M. l’abbé Millot, ancien grand vicaire de Lyon, prédicateur ordinaire du roi, vient de publier des Éléments de l’histoire de France depuis Clovis jusqu’à la fin du règne de Louis XIV. Deux volumes in-12, chacun de cinq cents pages. Voilà donc encore un abrégé ! Peu s’en faut, cependant, que je ne fasse grâce à celui-là. Le style de l’auteur est un peu plat et parfois décousu ; mais il règne un assez bon esprit dans son ouvrage, et il faut savoir gré à un grand vicaire d’avoir, en général, des principes de droit public sains, et de préférer la cause du genre humain à l’intérêt et à l’ambition de l’Église. Je me sens du faible pour ce prêtre.

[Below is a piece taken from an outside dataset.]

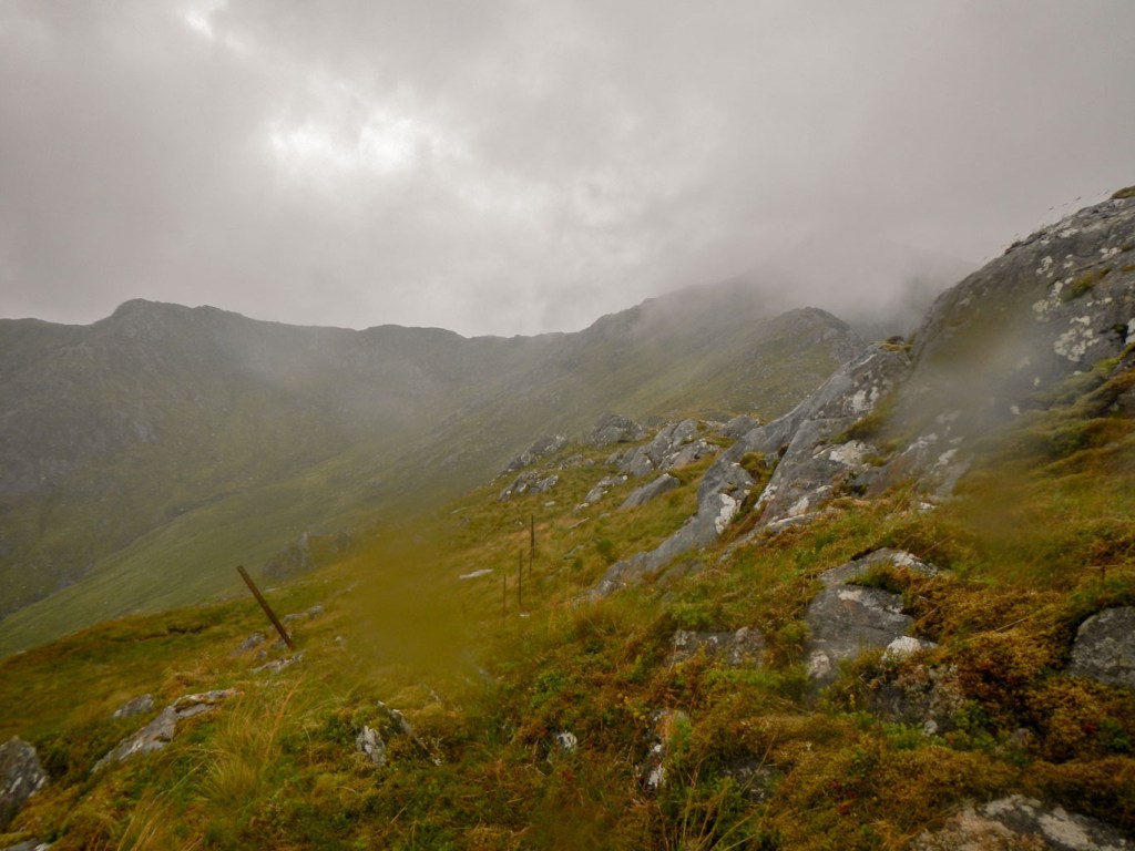 It was a scenic path and I was enjoying the climb even though it started to rain. By the time I reached the fence posts guiding me towards the final ridge it was raining a lot and very windy. I had ascended from the road at about 130m to around 700m but the summit was still almost 200m higher at 894m. Sadly the weather was deteriorating and given that there was rain, wind and cloud, I had to make the decision to retreat. Otherwise I risked being blown off the ridge.

On peut, du moins, mettre ce livre entre les mains de la jeunesse sans craindre de lui empoisonner l’esprit par une foule de maximes détestables que le fanatisme et la fourberie ont l’insolence de professer comme des maximes d’État. M. l’abbé Millot est philosophe et vrai autant que son habit peut le permettre. Je voudrais qu’il eût plus d’imagination, plus de nerf et d’onction dans son style, et je lui conseillerais d’écrire l’histoire : car je le crois honnête homme. Son abrégé est, moins concis que celui de M. le président Hénault. Il ne comprend pas tant de choses que celui-ci ; mais il développe davantage les principaux faits. Il prétend que cela est nécessaire pour qu’ils fassent de l’effet sur l’esprit de la jeunesse, et je crois qu’il a raison.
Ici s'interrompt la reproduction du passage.